3 Committee discussion
- Potential new treatment option
- Clinical management
- Clinical evidence
- Adverse effects
- The company's economic model
- Mortality after transplant in the economic model
- Utility values in the economic model
- Costs and resource use in the economic model
- Cost-effectiveness results
- End of life
The appraisal committee (section 5) considered evidence submitted by Jazz Pharmaceuticals and a review of this submission by the evidence review group (ERG). See the committee papers for full details of the evidence.

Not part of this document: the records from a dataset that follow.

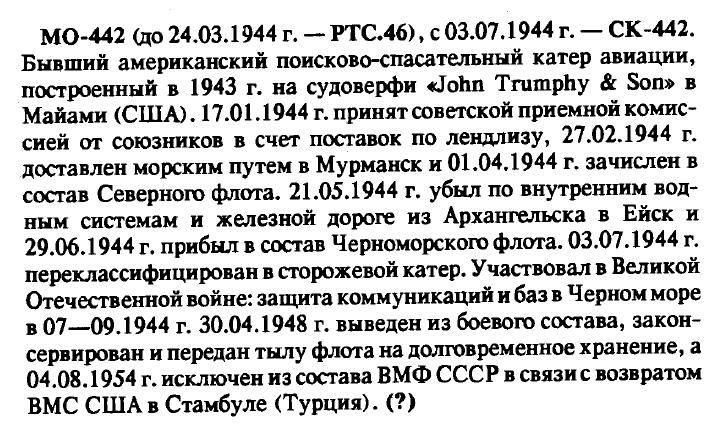Интересно, что катера этого типа в США строились для спасения экипажей сбитых над морем самолетов. Однако поскольку они могли брать на борт 32 глубинных бомбы, их в СССР первоначально причислили к классу малых охотников за подводными лодками. Этим и объясняется, что им присвоили обозначения серии «МО». Только после того как флотское командование «неожиданно» узнало, что на этих катерах нет гидроакустической аппаратуры для поиска подлодок, они в начале июля 1944 г. были отнесены к классу сторожевых и получили обозначения серии «СК».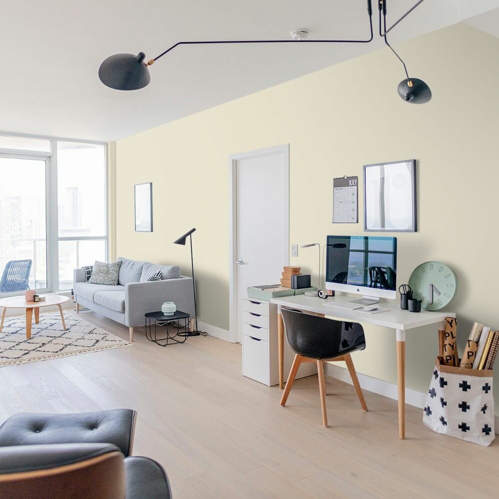 Краска моющаяся интерьерная для стен и потолков, Pollux INTERIOR без запаха, быстросохнущая, акриловая, матовое покрытие, цвет NCS S 1015-Y, 1л.
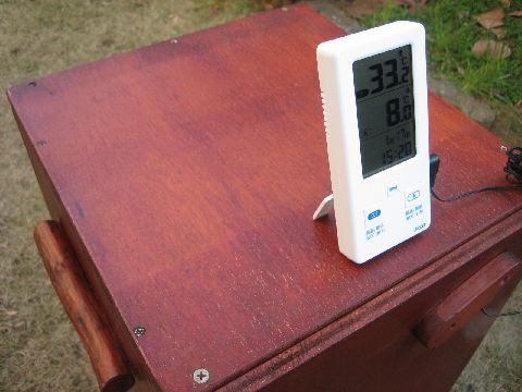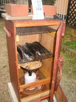 自作したスモーカーの防腐剤は柿渋を使用しました。日があたると色が変化することから板を二枚ひいて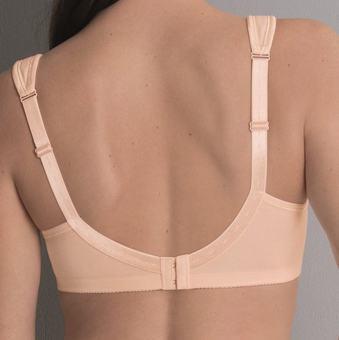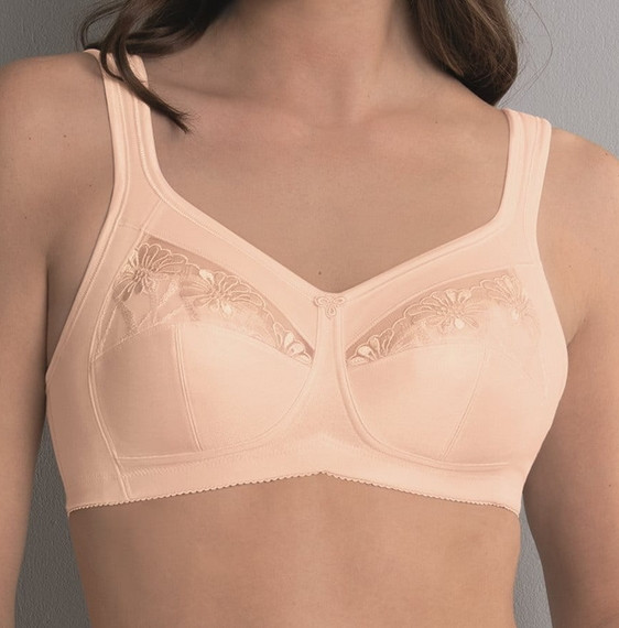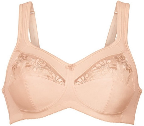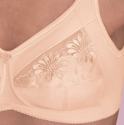 Dzięki obustronnym kieszonkom na protezy, wykonanym z miękkiej i oddychającej dzianiny dżersejowej, model ten jest niezwykle wygodny i delikatny dla skóry. Szerokie, podszyte pianką ramiączka zmniejszają nacisk na ramiona, a pełne miseczki z haftowanym tiulem optycznie wyrównują obie strony biustu, dodając biustonoszowi lekkości i kobiecego wyglądu.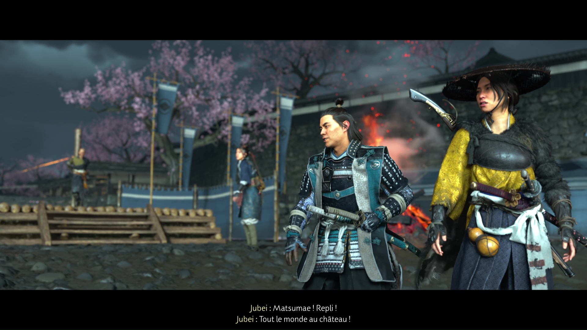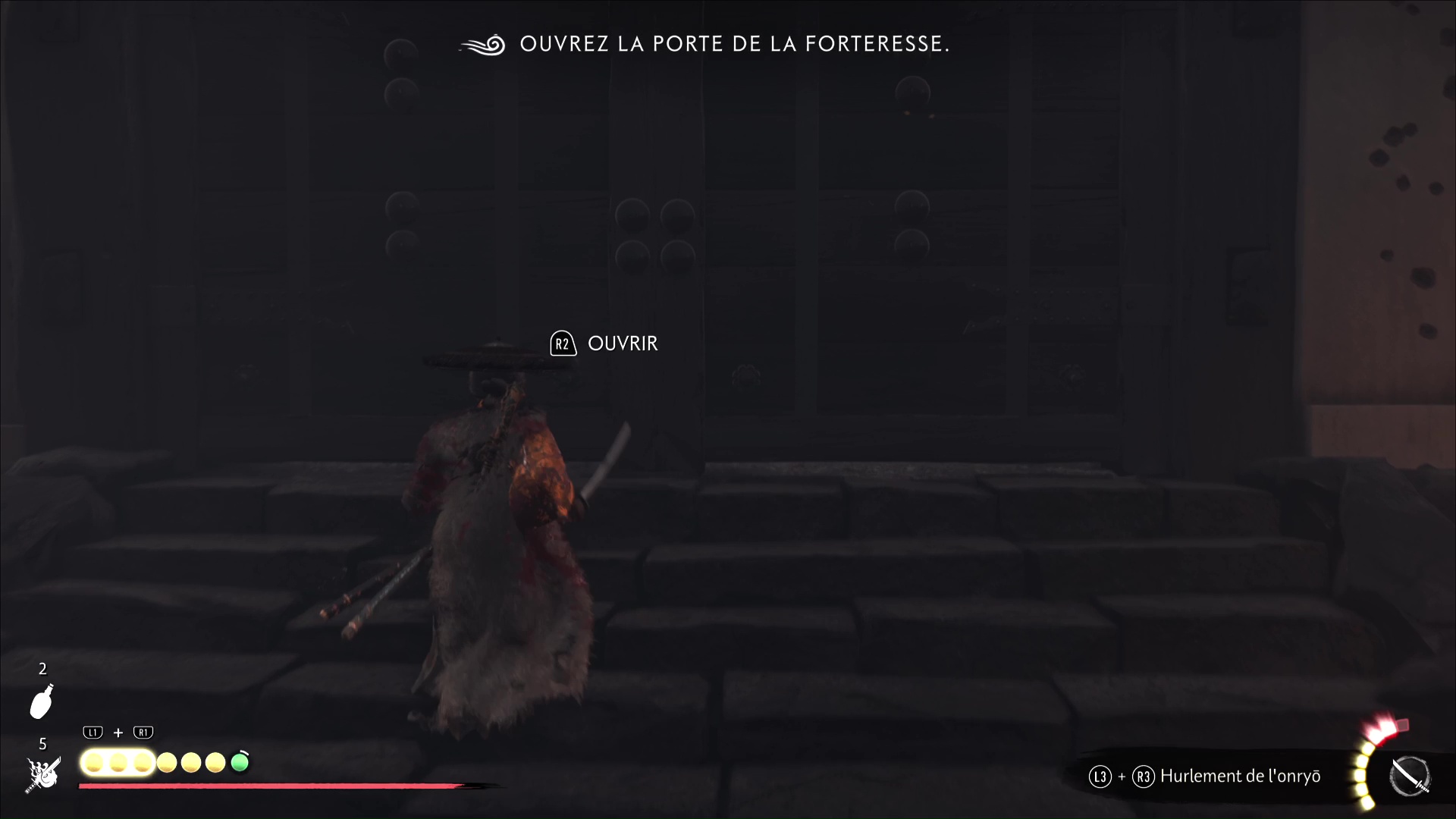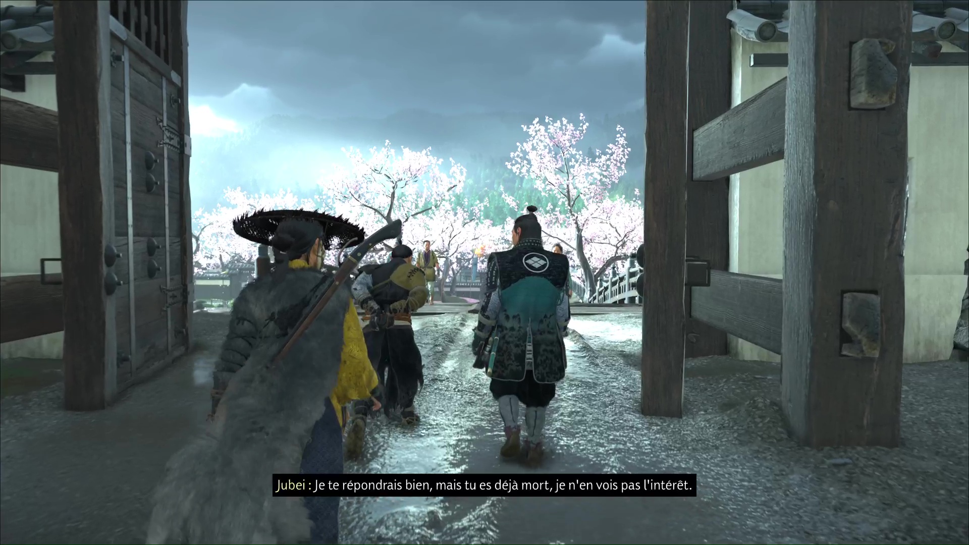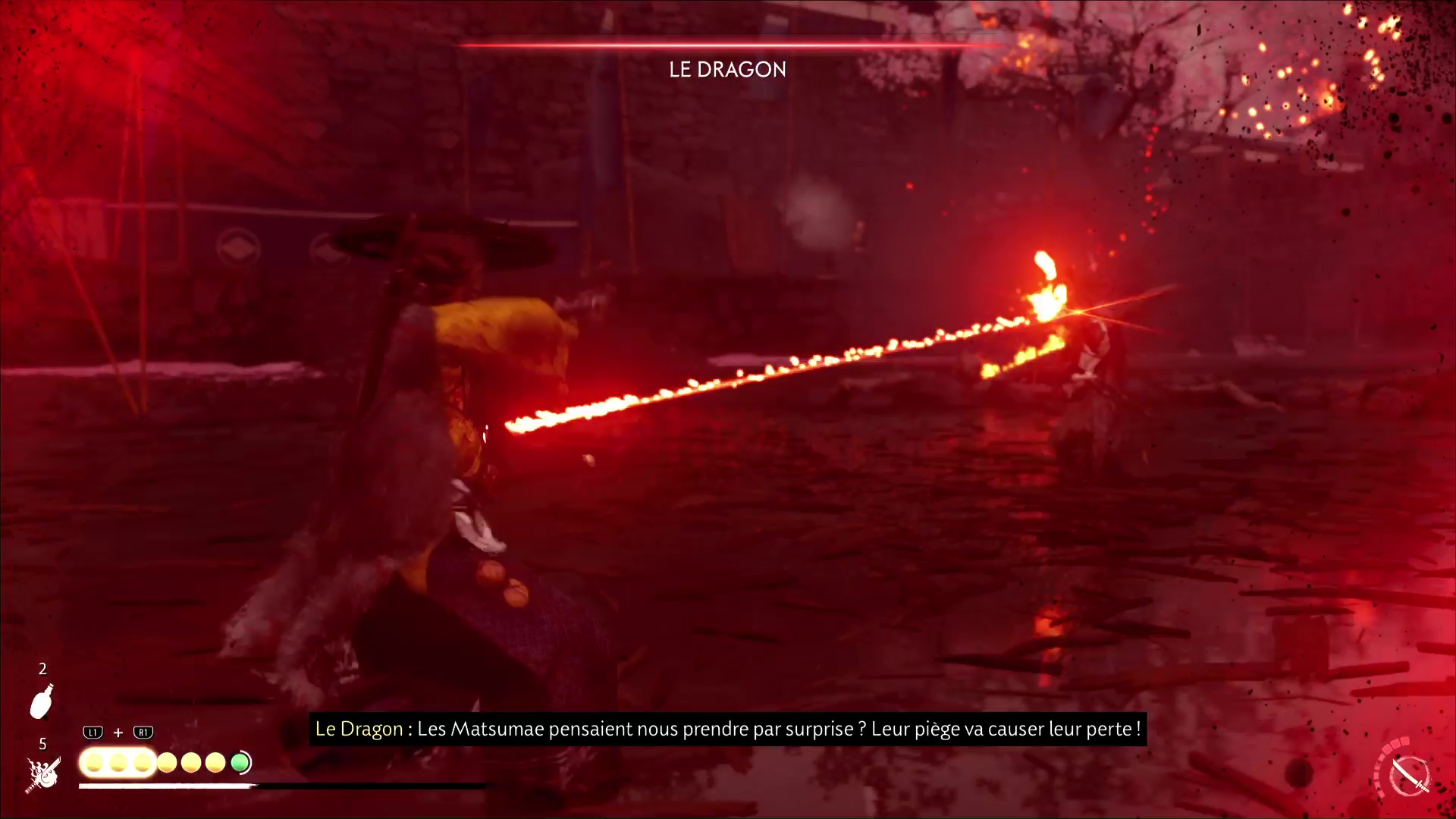 Vous finirez par atteindre la cour, et là le combat est obligatoire. N’oubliez pas votre posture du fantôme, si vous avez la jauge remplie, et profitez du fait que d’autres Matsumae combattent à vos côtés.

3.2 Current treatment for therapy-related acute myeloid leukaemia and acute myeloid leukaemia with myelodysplasia-related changes is intensive chemotherapy, for people who are well enough to have it. This usually involves a first induction course, and 2 or 3 further courses of standard daunorubicin and cytarabine to treat any remaining cancer cells (consolidation therapy). In the NHS, the first induction course is usually given as 3 days of daunorubicin and 10 days of cytarabine (known as DA 3+10). The clinical experts highlighted that some younger patients may have FLAG‑Ida (fludarabine, cytarabine, granulocyte-colony stimulating factor and idarubicin) chemotherapy instead. The committee understood that liposomal cytarabine–daunorubicin is a liposomal formulation of standard cytarabine and daunorubicin chemotherapy. This could be used as an alternative in clinical practice. The committee was aware that diagnosing some types of high-risk acute myeloid leukaemia, particularly de novo acute myeloid leukaemia with myelodysplastic syndrome-associated karyotypic changes, involves genetic testing. In England, genetic test results may not be available for 7 to 10 days. The clinical experts advised that it is becoming more common for clinicians to wait for these test results before starting treatment. A small number of patients with more aggressive disease would need to start treatment sooner. The committee agreed that no change in practice would be needed for most people who would be eligible for liposomal cytarabine–daunorubicin, if it were to recommend the treatment. The committee concluded that standard cytarabine and daunorubicin chemotherapy is the relevant comparator for this appraisal.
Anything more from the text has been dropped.